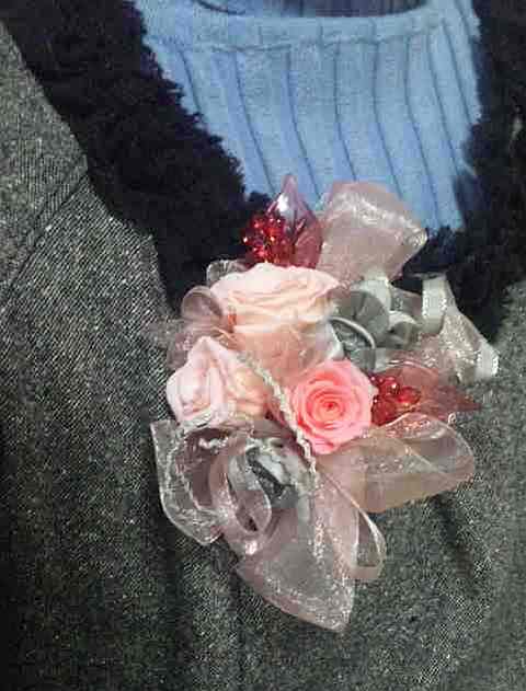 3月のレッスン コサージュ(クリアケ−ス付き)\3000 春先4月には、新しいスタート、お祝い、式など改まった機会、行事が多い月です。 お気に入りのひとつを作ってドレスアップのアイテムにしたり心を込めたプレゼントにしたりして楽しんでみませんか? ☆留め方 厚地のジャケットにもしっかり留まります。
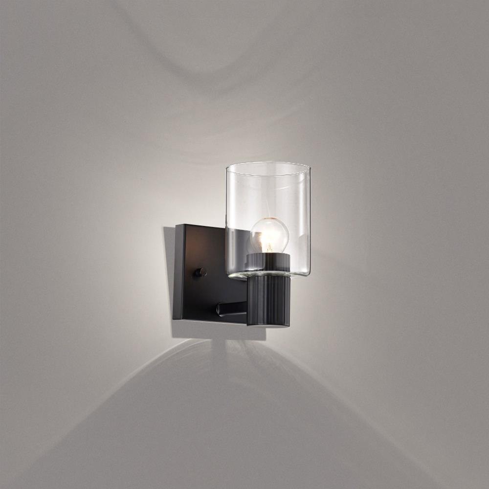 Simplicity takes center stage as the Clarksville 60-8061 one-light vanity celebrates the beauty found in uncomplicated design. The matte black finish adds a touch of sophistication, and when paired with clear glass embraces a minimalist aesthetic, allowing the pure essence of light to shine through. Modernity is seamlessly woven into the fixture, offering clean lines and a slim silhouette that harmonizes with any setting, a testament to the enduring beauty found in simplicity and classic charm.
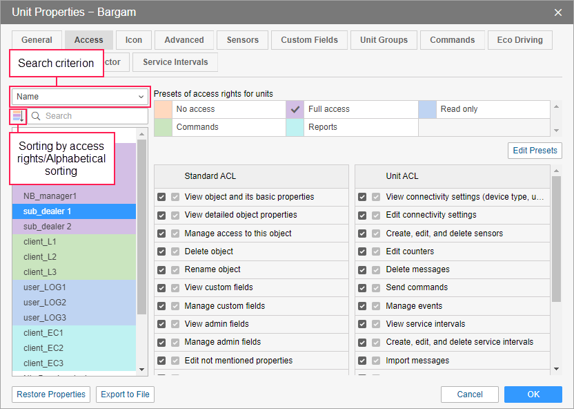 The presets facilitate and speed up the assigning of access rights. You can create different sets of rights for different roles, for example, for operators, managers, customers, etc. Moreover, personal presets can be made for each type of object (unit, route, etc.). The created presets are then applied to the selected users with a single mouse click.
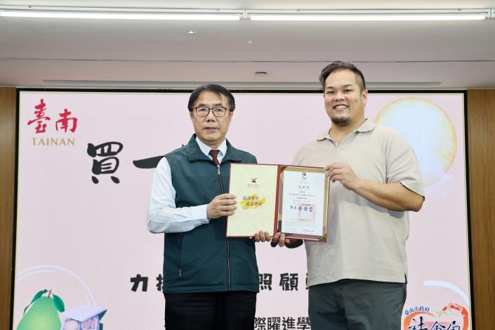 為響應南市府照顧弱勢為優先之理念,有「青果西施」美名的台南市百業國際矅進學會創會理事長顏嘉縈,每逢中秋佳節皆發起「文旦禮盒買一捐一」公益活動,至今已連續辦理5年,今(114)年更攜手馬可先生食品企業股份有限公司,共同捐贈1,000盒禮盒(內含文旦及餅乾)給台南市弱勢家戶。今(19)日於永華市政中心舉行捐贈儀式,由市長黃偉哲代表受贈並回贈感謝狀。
○ ○ ○ ○ ○ ○ ○
## Problem statement
Repeat the data exactly, without the pictures.

## Answer to this problem
 3月のレッスン コサージュ(クリアケ−ス付き)\3000 春先4月には、新しいスタート、お祝い、式など改まった機会、行事が多い月です。 お気に入りのひとつを作ってドレスアップのアイテムにしたり心を込めたプレゼントにしたりして楽しんでみませんか? ☆留め方 厚地のジャケットにもしっかり留まります。
 Simplicity takes center stage as the Clarksville 60-8061 one-light vanity celebrates the beauty found in uncomplicated design. The matte black finish adds a touch of sophistication, and when paired with clear glass embraces a minimalist aesthetic, allowing the pure essence of light to shine through. Modernity is seamlessly woven into the fixture, offering clean lines and a slim silhouette that harmonizes with any setting, a testament to the enduring beauty found in simplicity and classic charm.
 The presets facilitate and speed up the assigning of access rights. You can create different sets of rights for different roles, for example, for operators, managers, customers, etc. Moreover, personal presets can be made for each type of object (unit, route, etc.). The created presets are then applied to the selected users with a single mouse click.
 為響應南市府照顧弱勢為優先之理念,有「青果西施」美名的台南市百業國際矅進學會創會理事長顏嘉縈,每逢中秋佳節皆發起「文旦禮盒買一捐一」公益活動,至今已連續辦理5年,今(114)年更攜手馬可先生食品企業股份有限公司,共同捐贈1,000盒禮盒(內含文旦及餅乾)給台南市弱勢家戶。今(19)日於永華市政中心舉行捐贈儀式,由市長黃偉哲代表受贈並回贈感謝狀。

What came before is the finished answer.